Meanwhile, the comments from people who had actually read it were pouring in. This went on for years. You could read it in Europe, but America had declared it obscene, and would not allow it to arrive on its shores.

Finally, on August 7, 1934, over 10 years after its first publication by little Sylvia Beach and her little Shakespeare & Co. - a far-seeing and open-minded US Court of appeals judge, Judge Woolsey, declared that Ulysses was NOT obscene and could be admitted into the United States. It was a ground-breaking moment, a true historical watershed - and his decision reads almost like an insightful and intuitive literary review. Not to be missed. Go, Judge Woolsey!

The comments of other great writers on this book are of great interest to me. I can't get enough. I have compiled them all in a notebook. I love to read through them. The responses run the gamut from disgust, elation, despair, awe, humility ... He made other writers feel like putting down their pens. He enraged those who felt that THEY deserved HIS accolades (phone call for Gertrude Stein, Gertrude Stein, phone call) ... but whatever the response, the only emotion you will NOT find is indifference.

Joyce had made his mark.

Yeats (an early champion of Joyce) had this as his first response on reading Ulysses: "A mad book!"

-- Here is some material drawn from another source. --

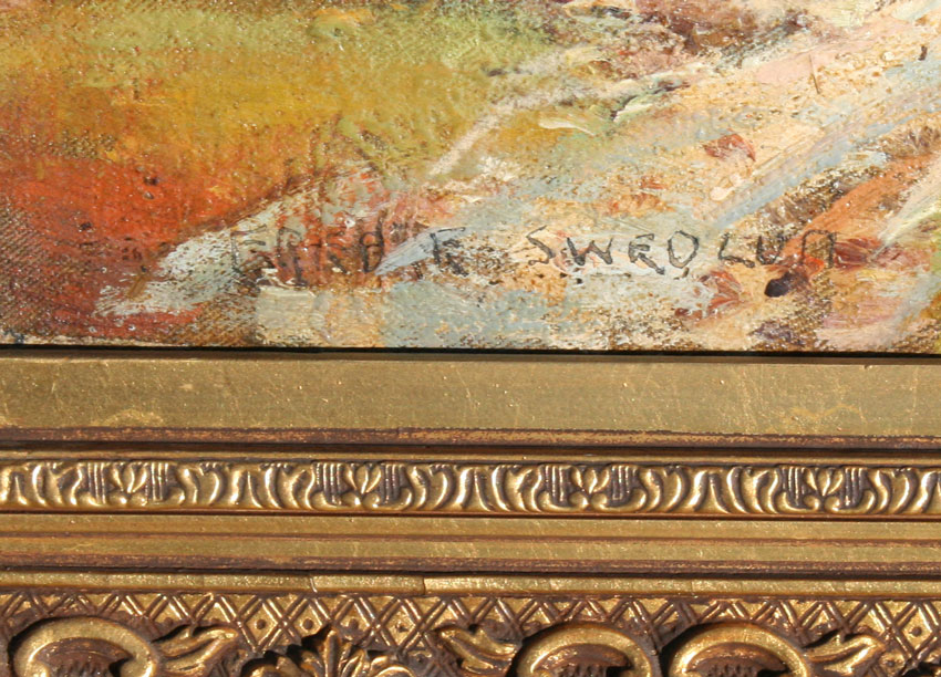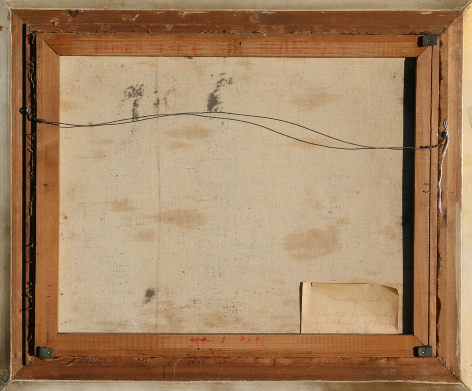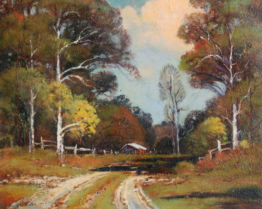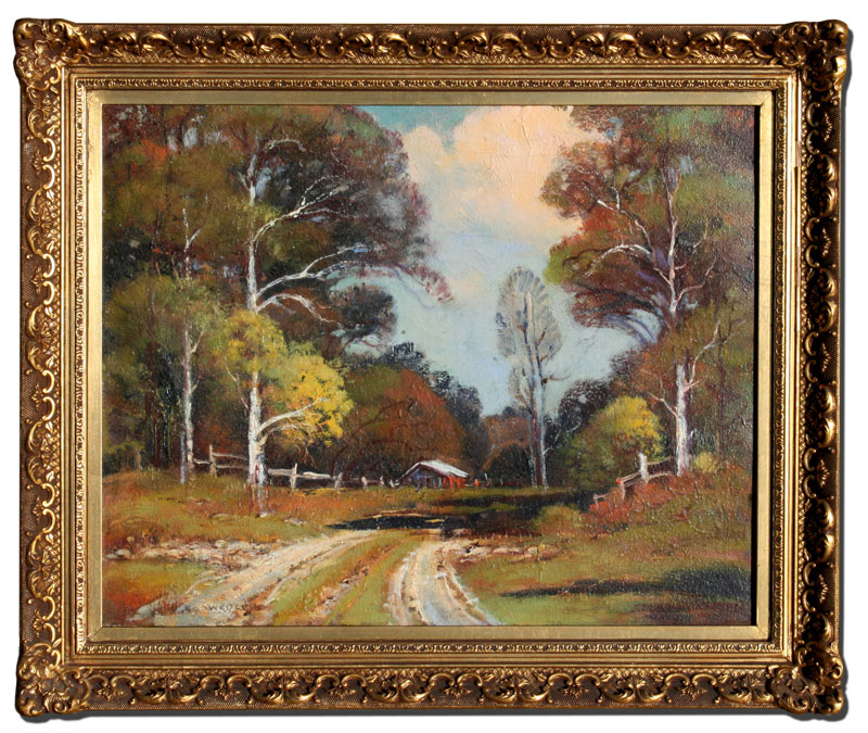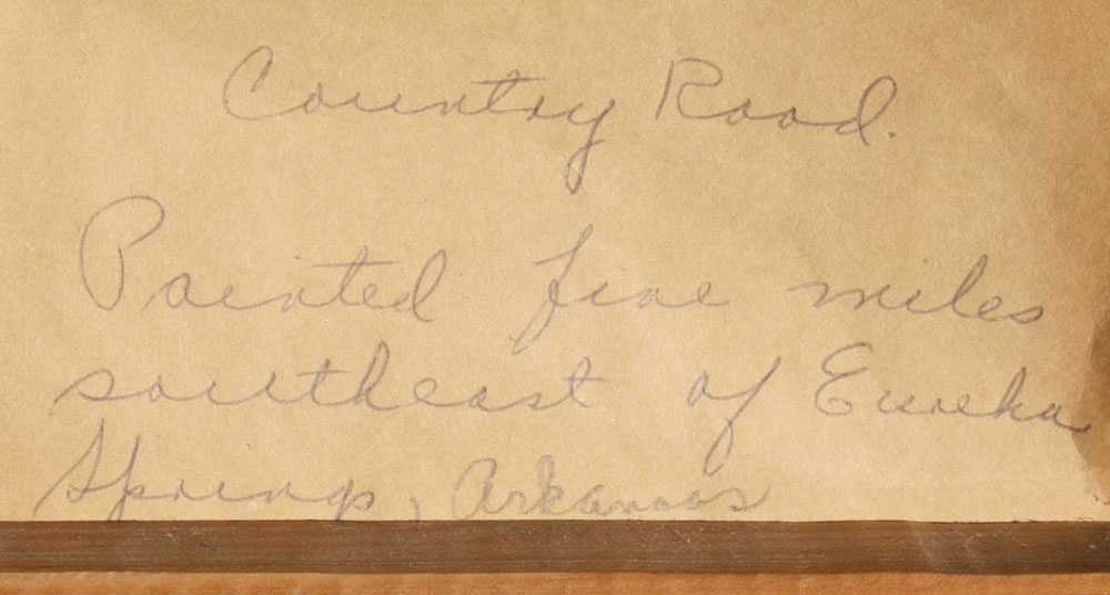 SWEDLUN, Fred, (ERNEST FREDERICKS), (American, 1877-1959): ''Country Road'', painted five miles Southeast of Eureka Springs, Arkansas, OIL/Canvas, 16'' x 20'', signed, label verso, carved and gilded frame with wear, 21'' x 24'', original label verso.
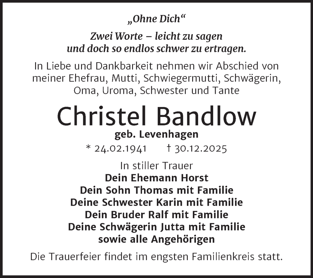 Hier finden Sie alle Traueranzeigen aus der Zeitung, die bisher für Christel Bandlow erschienen sind. Weitere Traueranzeigen, die in der Zeitung erscheinen, werden hier ebenfalls aufgelistet

Then later, as he let the book percolate, Yeats corrected himself: "I have made a terrible mistake. It is a work perhaps of genius. I now perceive its coherence ... It is an entirely new thing -- neither what the eye sees nor the ear hears, but what the rambling mind thinks and imagines from moment to moment. He has certainly surpassed in intensity any novelist of our time."

Hart Crane said: "I feel like shouting EUREKA! Easily the epic of the age."

George Bernard Shaw was disturbed by Ulysses, he took it personally, he did not like what it revealed - about man, about Irish men, about the life of Ireland, but he grappled with the implications in an honest way: "If a man holds up a mirror to your nature and shows you that it needs washing -- not whitewashing -- it is no use breaking the mirror. Go for soap and water."

T.S. Eliot was especially devastated by the book, and his comments on it are numerous. Examples: "How could anyone write again after achieving the immense prodigy of the last chapter?"

T.S. Eliot again: "I hold Ulysses to be the most important expression which the present age has found; it is a book to which we are all indebted, and from which none of us can escape."

Edmund Wilson wrote of it:

The more we read Ulysses, the more we are convinced of its psychological truth, and the more we are amazed at Joyce's genius in mastering and in presenting, not through analysis or generalization, but by the complete recreation of life in the process of being lived, the relations of human beings to their environment and to each other; the nature of their perception of what goes on about them and of what goes on within themselves; and the interdependence of their intellectual, their physical, their professional and their emotional lives. To have traced all these interdependences, to have given each of these elements its value, yet never to have lost sight of the moral through preoccuptation with the physical, nor to have forgotten the general in the particular; to have exhibited ordinary humanity without either satirizing it or sentimentalizing it - this would already have been sufficiently remarkable; but to have subdued all this material to the uses of a supremely finished and disciplined work of art is a feat which has hardly been equalled in the literature of our time.

Wilson also wrote:

Yet for all its appalling longeurs, Ulysses is a work of high genius. Its importance seems to me to lie, not so much in its opening new doors to knowledge -- unless in setting an example to Anglo-Saxon writers of putting down everything without compunction -- or in inventing new literary forms -- Joyce's formula is really, as I have indicated, nearly seventy-five years old -- as in its once more setting the standard of the novel so high that it need not be ashamed to take its place beside poetry and drama. Ulysses has the effect at once of making everything else look brassy."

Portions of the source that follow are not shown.